Sir Howard Stringer, its chief executive, is due to announce that consumers will be able to buy 3D Bravia television sets, Vaio laptops, Playstation3 games consoles and Blu-Ray disc players that are compatible with 3D technology. 

It will be an important boost for the 3D industry, which until now has concentrated on enhancing the cinema screen experience. 

Sir Howard will tell a technology trade show in Berlin: “3D is clearly on its way to the mass market. As with high-definition a few years back, there are a variety of issues yet to be addressed. But the 3D train is on the track and we at Sony are ready to drive it home.” 

Related Links
Exclusive: Avatar trailer 
3D films back in cinema, but porn will lead 
Brace yourself for 3D television 
The burgeoning 3D market is poised to revolutionise the consumer electronics industry. British Sky Broadcasting has already announced plans to introduce a 3D satellite channel in the UK next year. 

Avatar, the new sci-fi epic by James Cameron, who directed Terminator and Titanic, uses the latest 3D technology.

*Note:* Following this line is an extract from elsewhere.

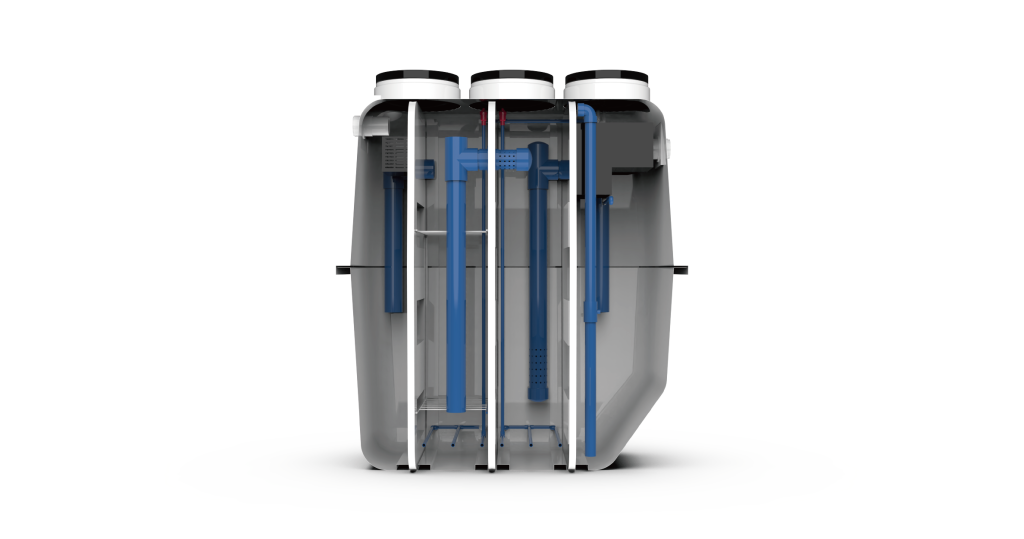 Diese kompakte Kläranlage reinigt Haushaltsabwasser effizient durch ein integriertes, mehrstufiges Reinigungsverfahren. Das Abwasser durchläuft zunächst eine Sedimentations- und Anaerobkammer, in der sich Feststoffe absetzen und zersetzt werden. Anschließend gelangt es in eine aerobe Behandlungszone, wo Sauerstoff Mikroorganismen beim Abbau organischer Schadstoffe unterstützt. Abschließend wird das Wasser geklärt und desinfiziert. Das Ergebnis ist sauberes, umweltverträgliches Abwasser, ideal für dezentrale Haushalte oder kleinere Anwendungen. Das System ist für den automatischen Betrieb mit minimalem Wartungsaufwand ausgelegt.

The film, which reportedly cost £180 million to make and is due to be released here in December, is one of the most eagerly anticipated films in years and is expected to take more than $1 billion at the box office, largely because of the new technology. 

A number of specialist film companies are reportedly preparing to exploit the hype for the 3D medium. Uptake of 3D has taken off over the past three years, with 7,000 screens expected to be in use worldwide by the end of this year. 

It has been a long time coming. Sony’s plans to venture into the domestic consumer market come 115 years after the 3D film process was patented by the British film pioneer William Friese-Greene. 

The Queen’s coronation in 1953 was filmed in 3D and will be shown for the first time on Channel 4 later this year as part of a week-long series of programmes celebrating the technology. 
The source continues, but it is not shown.